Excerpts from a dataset
• • • •

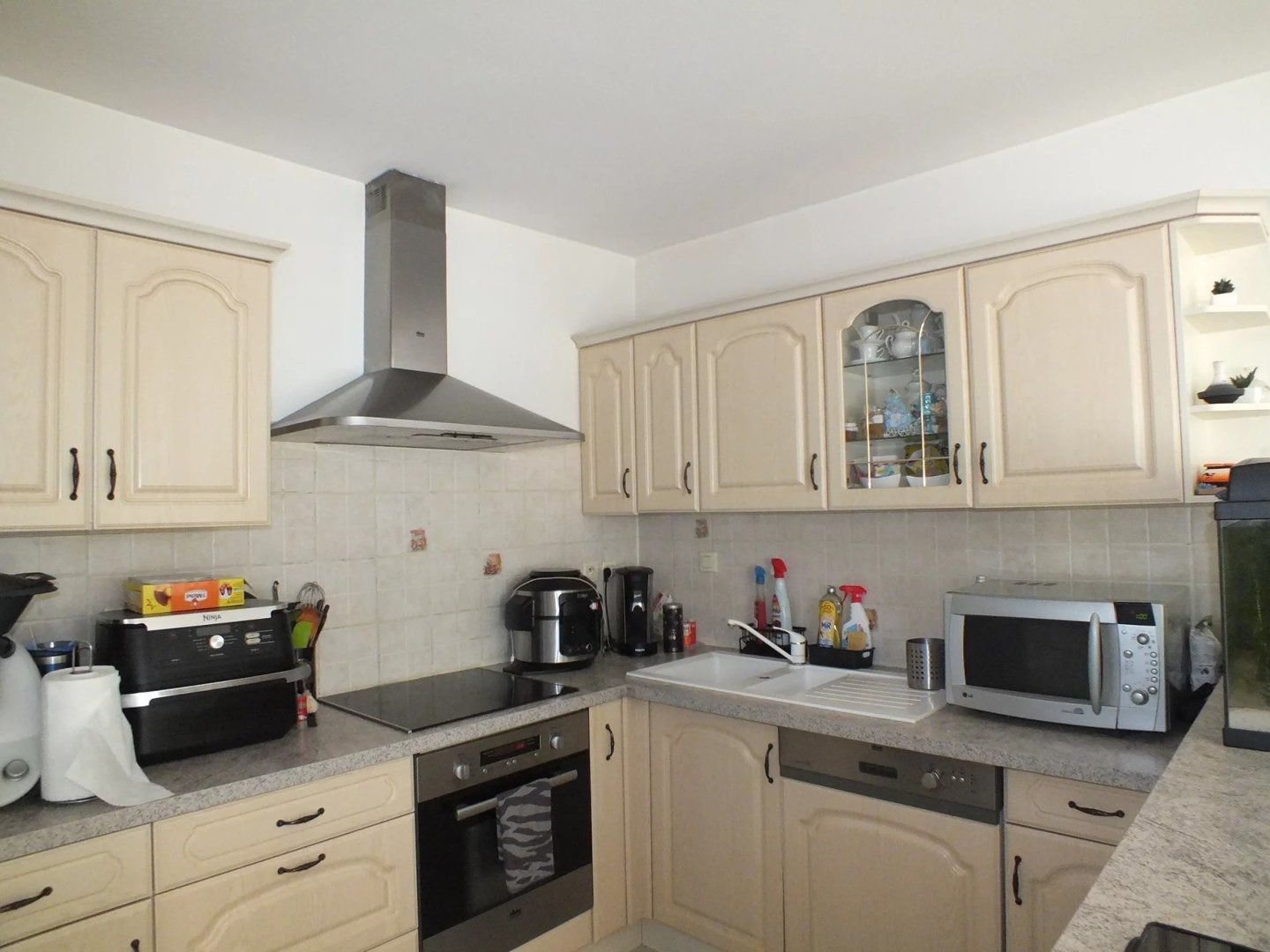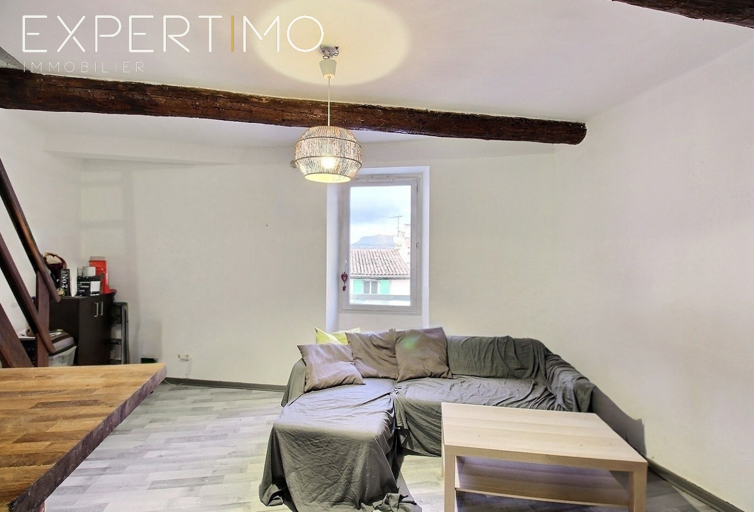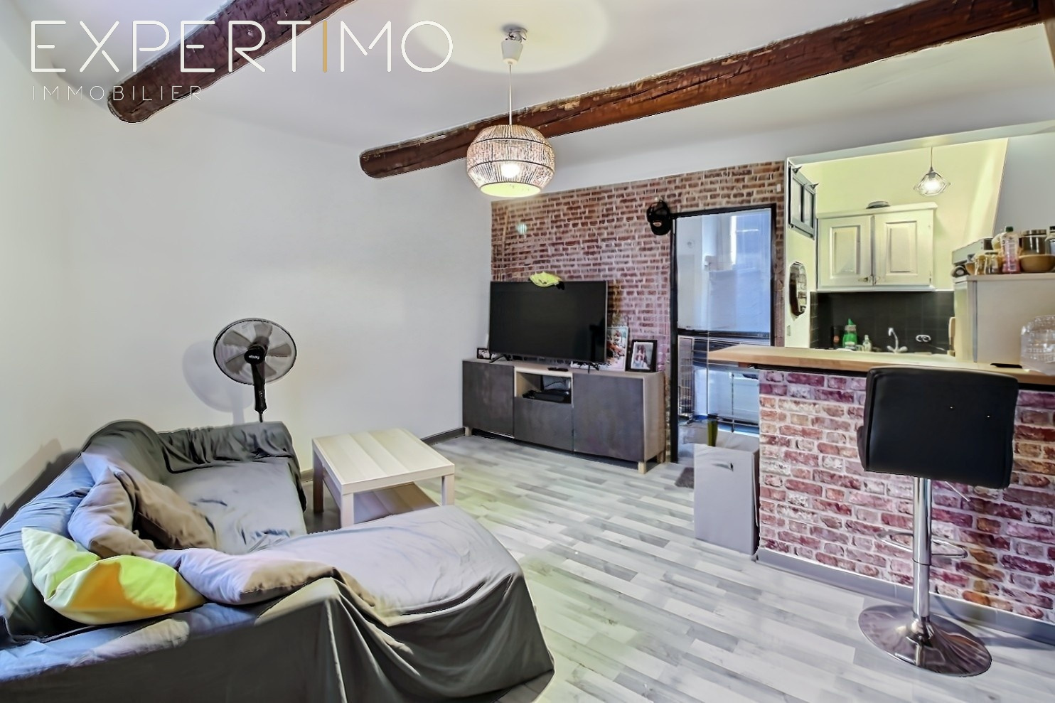 ...Jolie pièce de vie avec cuisine ouverte équipée, s'ouvrant sur la grande terrasse au Sud avec...
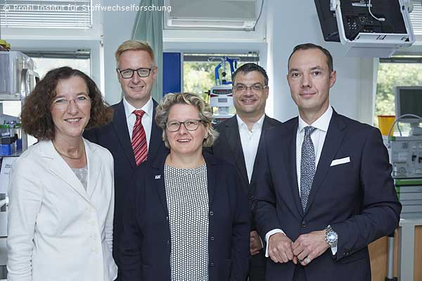 Bildunterschrift: NRW Wissenschaftsministerin Svenja Schulze (Mitte) informiert sich beim renommierten Forschungsinstitut Profil in Neuss über den aktuellen Stand der Diabetesforschung. Dr. Sabine Arnolds (Medical Liaison), Prof. Dr. Freimut Schliess (Director Science & Innovation), Svenja Schulze (NRW Wissenschaftsministerin), Dr. Carsten Benesch (Director Technical Development) und Dr. Christoph Kapitza (Chief Executive Officer) - v.l.n.r
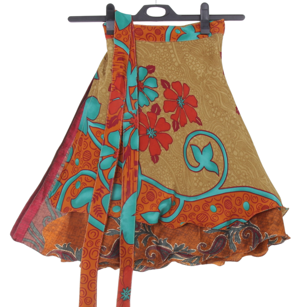 Tento konkrétní kus byl upcyklován ze slavnostního sárí a byl již rozbalen a využit pro focení a videopropagační účely.
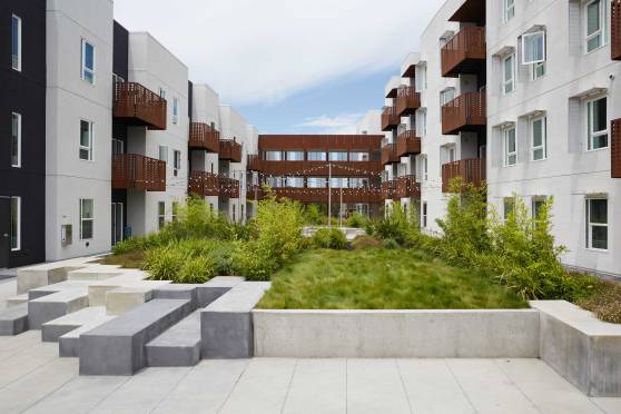 This infill development includes six residential buildings and a community center. Features include tuck-under garages, natural ventilation, preserved native trees, and community amenities such as gardens and a playground — combining sustainability with neighborhood integration.
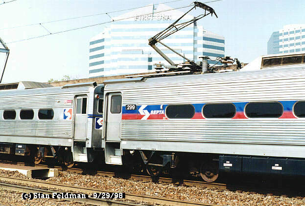 Click her for a look at the new Septa Silverliner Paint scheme on Septa #299. It is on display at the Wilmington Delaware Amtrak Station. 9/29/98.

• • • •

## TASK GOAL
A word-for-word restatement of all the lines above is needed, with the pictures omitted.

## ANSWER TO THIS TASK
 ...Jolie pièce de vie avec cuisine ouverte équipée, s'ouvrant sur la grande terrasse au Sud avec...
 Bildunterschrift: NRW Wissenschaftsministerin Svenja Schulze (Mitte) informiert sich beim renommierten Forschungsinstitut Profil in Neuss über den aktuellen Stand der Diabetesforschung. Dr. Sabine Arnolds (Medical Liaison), Prof. Dr. Freimut Schliess (Director Science & Innovation), Svenja Schulze (NRW Wissenschaftsministerin), Dr. Carsten Benesch (Director Technical Development) und Dr. Christoph Kapitza (Chief Executive Officer) - v.l.n.r
 Tento konkrétní kus byl upcyklován ze slavnostního sárí a byl již rozbalen a využit pro focení a videopropagační účely.
 This infill development includes six residential buildings and a community center. Features include tuck-under garages, natural ventilation, preserved native trees, and community amenities such as gardens and a playground — combining sustainability with neighborhood integration.
 Click her for a look at the new Septa Silverliner Paint scheme on Septa #299. It is on display at the Wilmington Delaware Amtrak Station. 9/29/98.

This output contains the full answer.